The battle honors on the Korps Mariniers' colors are: Chatham (1667), Kijkduin (1673), Sennefe (1674), Spain, Dogger Bank (1781), West Indies, Algiers (1816), Atjeh, Bali, Rotterdam (1940), Java Sea (1942), Java and Madoera (1947-1948), and New Guinea (1962).

 

In 1667, led by van Ghent, now an admiral, and their new commander, the Englishman Colonel Thomas Dolman, the Regiment de Marine played a prominent part in the large Dutch raid, the "Raid on the Medway" on England (10-14 June). The Korps' battle honor "Chatham" is one of the few ever won on British soil by a foreign unit. The July 2nd attack on Landguard fort near Harwich, performed by 1.500 Mariniers after landing at Woodrich was beaten off by the fort's garrison.

 

The Mariniers also fought in the Franco-Dutch War/Third Anglo-Dutch War. On June 29 1672, after serving in the naval Battle of Solebay (7 June), two-thirds of the Marines were withdrawn from the fleet and formed into a brigade in order to stiffen the inefficient and largely mercenary army in anticipation of an English invasion. They returned to their ships in time to help stop an English invasion by defeating a combined English and French force at the naval Battle of Kijkduin (Battle of Texel) on 21 August 1673. Led by Gerolf van Isselmuyden, they served in the land battle of Senef against the French in 1674.

 

Dutch support of American independence led to the Fourth Anglo-Dutch War, where the Mariniers served at Dogger Bank.

 

In 1704, Netherlands Marines were part of a combined British-Netherlands force under Prince George of Hesse-Darmstadt that captured Gibraltar and defended it successfully shortly afterwards.

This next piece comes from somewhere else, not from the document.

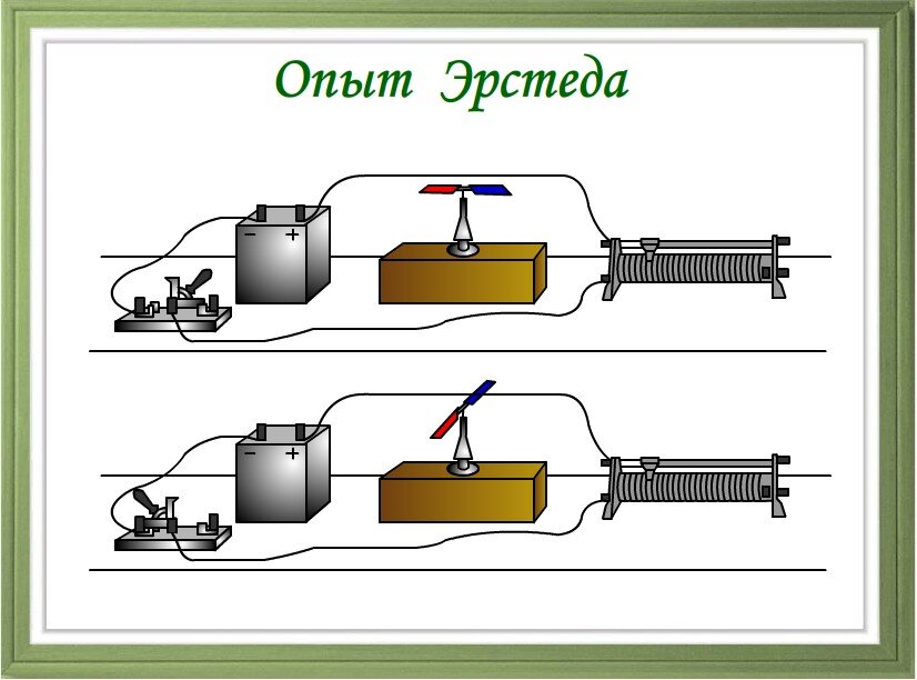 В пространстве вокруг проводника с током (а в общем случае вокруг любого движущегося электрического заряда) возникает магнитное поле. Магнитное поле– это особый вид материи, невидимый и неосязаемый для человека. Также можно сказать, что это силы взаимодействия между проводниками с током. Опыт Ханса Кристиана Эрстеда показал, как взаимодействуют проводник с током и магнитная стрелка: при замыкании электрической цепи магнитная стрелка отклоняется от первоначального положения, а при размыкании цепи магнитная стрелка наоборот, возвращается в первоначальное положение. Можно сказать, что магнитное поле возникает вокруг движущихся электрических зарядов, а электрический ток и магнитное поле неотделимы друг от друга. Чтобы изучить магнитное действие тока, пользуются магнитной стрелкой. Магнитная стрелка– это устройство, представляющее из себя маленький магнит (установленный на острие иглы) и имеющее два полюса (северный и южный). Магнитная стрелка может свободно вращаться на кончике иглы. Л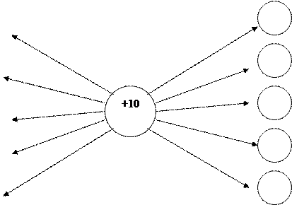 С другой стороны, данная модель позволяет эффективно использовать мыслительные особенности ребенка с преобладанием синтетического типа мышления ( а их среди первоклассников большинство), которые предрасположены к работе с наглядными моделями изучаемых понятий. Используемая модель понятия (двузначного числа) позволяет такому ребенку в конкретной деятельности моделировать сам прием вычисления, в то же время являясь основой для самопроверки (т.е. дает возможность убедиться в правильности ответа). Десятичная модель числа выглядит следующим образом (дети назвали ее «солнышко»):

They would combine with the British again for the bombardment of Algiers in 1816.

 

The Korps Mariniers served in some of the operations of the Netherlands in the Dutch East Indies colony. The Netherlands took a slow approach to conquering the entire colony and operations consolidating their rule lasted from the 1850s until shortly before World War I. The battle honors from the Aceh War (1873-1913) and Bali date from this time.

 

In World War II, a Korps Mariniers unit in Rotterdam preparing to ship out to the Dutch East Indies successfully defended the bridges across the Maas, preventing the German paratroopers in the central city from hooking up with conventional German infantry. The Germans ended the stalemate by bombing Rotterdam. The threat of an attack by Marines caused its German captain to scuttle the Antilla in Aruba in 1940.

 

When the surrender was declared and the Dutch soldiers came out of their positions, the German commander who was expecting a full battalion of men was stunned to see only a few Dutch Marines emerge in their black uniforms. He ordered his men to salute them out of respect for their bravery and determination and labelled them Zwarte duivels (The Black Devils).

 

Some Mariniers later joined the Princess Irene Brigade to fight against the Germans. They distinguished themselves in combat near the Dutch city of Tilburg in the autumn of 1944.

 

Starting in 1943, the United States Marine Corps trained and equipped a new brigade, the Mariniersbrigade, of the Korps Mariniers at Camp Lejeune and Camp Davis in North Carolina in preparation for amphibious landings against the Japanese in the Dutch East Indies. The Japanese surrendered before such landings were needed, but the Mariniersbrigade, fully trained and equipped, left North Carolina in six transports in 1945 and fought against the Indonesians in their National Revolution for independence. It was part of the A Division, which was itself commanded by a Korps Mariniers officer. It was disbanded in 1949.

 

The Dutch kept West New Guinea after the Indonesian National Revolution and the Korps Mariniers served there until 1962 when it was granted independence. The same year it was invaded and incorporated into Indonesia.

 

 

[edit] Modern Korps Mariniers

On 11 June 1977, Dutch Army and Marines stormed a train that was being held hostage since 23 May by armed South Moluccan extremists in the village of De Punt, in the province of Drenthe. Six Dutch Air Force F-104 Starfighters buzzed the train as a diversion just before the assault. Six terrorists and two hostages were killed in the storming. The Marines have become one of the Dutch government's primary counter-terrorism forces. (See "Combat Support Battalion" below.)

 

Lately the Marines have been deployed in various operations all over the world.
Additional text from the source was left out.